The poetry reading was great!

It had two unexpected after-effects on me, though. One was that it was amazingly energizing, launching me on manic binges of answering email and vacuuming. It felt…unusual…but good.

The other was that a fully formed poem woke me up in the middle of the night. No context. I didn’t even dream that I was writing a poem. Now that experience is a first! It wasn’t as startling as the tale of the weird surroundings and talking dog, but pretty close. I wrote it down.

Hey Pat, just a crust.
Just a crust, or maybe the whole loaf –
Either way, it’s mine!

I don’t know who Pat is, but I do know that Pat and the One Who Speaks are both males. I’m not sure if the title is “Capitalism” or “Avarice.” I’m leaning toward “Avarice.”

Denial as a Protective Reaction

I have come to a place where I sort of like it when I go into denial. When I first started on this roller coaster, denial made me frantic. “No, don’t be silly. That didn’t happen to me. No way could that have been going on in my family. It’s just totally out of character!!!” Followed by, “Well, if it didn’t happen, what the hell explains all this?” “I need an explanation! I need it now! But it can’t be ritual abuse, because that is ridiculous.” I was wrestling with the denial and feeling more and more panicky.

Before I remembered, denial was gentler, and it worked, all the time (that I remember.) Looking back, it made me feel calmer, more dissociated. I sort of floated above the thought of abuse, dismissed it, and went about whatever I was doing. No fuss, no panic, no going over the same territory over and over, going in ever more anxious circles. 

Back in the days before the False Memory Syndrome Foundation, there were lots of conferences on incest, abuse by clergy, and ritual abuse. I remember being in a workshop on using play techniques with adults. A nice, soft end to a long, challenging day.

So the presenter was talking about art therapy, and she said, “One clue pointing to ritual abuse in a child – or in an adult, for that matter – is doodling five pointed stars.” After all these years, I still remember my thoughts exactly. “Oh, don’t be silly, I doodled stars all the time and I’m not a ritual abuse survivor.” Case closed. I immediately started doodling stars, and, of course, they were just doodles, not Satanic symbols or anything else. Just something fun to draw, like goldfish or horses or houses.

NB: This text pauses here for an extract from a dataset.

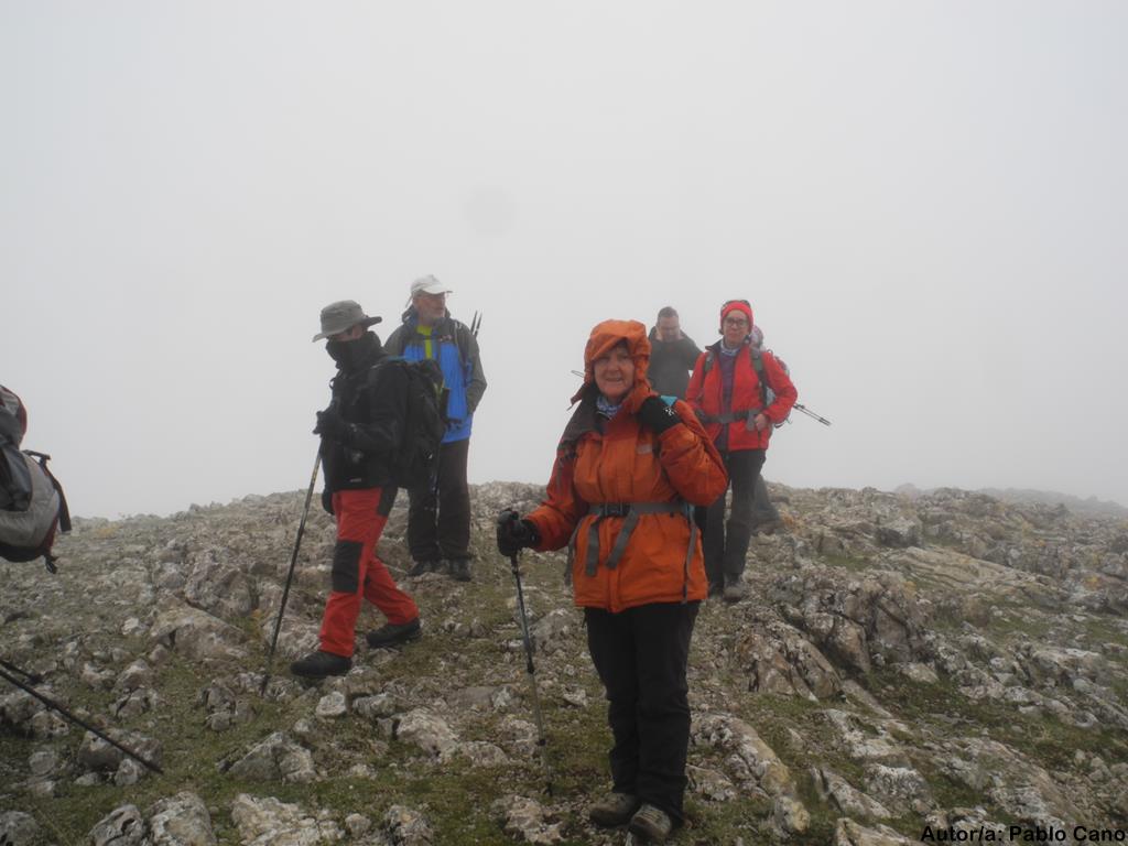 Cuando llevamos un buen rato de ascenso continuado, llegamos, a las 11’20, a la antecima, momento que Ana aprovecha para, sacando la bota ( que Mara ha traido de la Mancha) proponer la primera parada reponedora. Disfrutamos de las vistas por corto intervalo, porque, aunque aun se distingue con nitidez la silueta triangular de Valdepeñas, la densa niebla ya se ha apoderado de las sierras vecinas. Nosotros, sin árboles protectores, notamos más el frío, así que, la bota “viaja” varias rondas completas hasta que decidimos reemprender la marcha.

That is an example of denial protecting a person from overwhelming emotions, from things they were not ready to know. It worked very well. It was quite a while before I had my first memory of ritual abuse, and boy, was I overwhelmed. Denial was no longer available to me, and I thought I would die from the intensity of the pain I was feeling. I was afraid my body couldn’t take it and that my heart would just stop. And I was on the verge of psychosis, afraid I would slip and fall into craziness. Denial had protected me from feeling all that.

Now, thirty-five years later, I still at times slip into denial. As before, my old friend serves to shield me from things I don’t want to know, don’t want to have lived through, don’t want to believe that people are capable of such cruelty. Usually, it doesn’t last very long and is followed by suicidal urges. (Having suicidal thoughts, and suicide itself, is an effective way to block the thoughts/memories of what was done to make me want to die as a child. But that is another big post.

How do I handle regressing into disbelief today? I accept it. I don’t fight it. I know by now it is temporary, and so – this would have sounded nuts to me thirty-five years ago – I embrace and welcome it. It’s a resting place, a short time to catch my breath and get ready for the next leg of the journey.

This is what works for me every time: “Well, after all, ritual abuse is only a hypothesis. If I come across a better hypothesis, I’ll drop ritual abuse and start working with the new one.” What a mature, sensible, non-judgmental attitude! I’ve considered slow-growing brain tumors, hereditary chemical imbalances, and ghost stories around a campfire and decided they were all less convincing than ritual abuse. They didn’t explain all my symptoms, especially those I remember having at an early age. So it’s back to working on ritual abuse, thankfully a little more rested and not wasting any energy scolding myself for once again denying my truth.

I want to end with one more thing, which could also be a whole other blog post. 

A psychologist once said to me, “If a person over-reacts in the present, it means they had to under-react to something in the past.” Makes sense! You are not looking at a drama queen; you are looking at a flashback.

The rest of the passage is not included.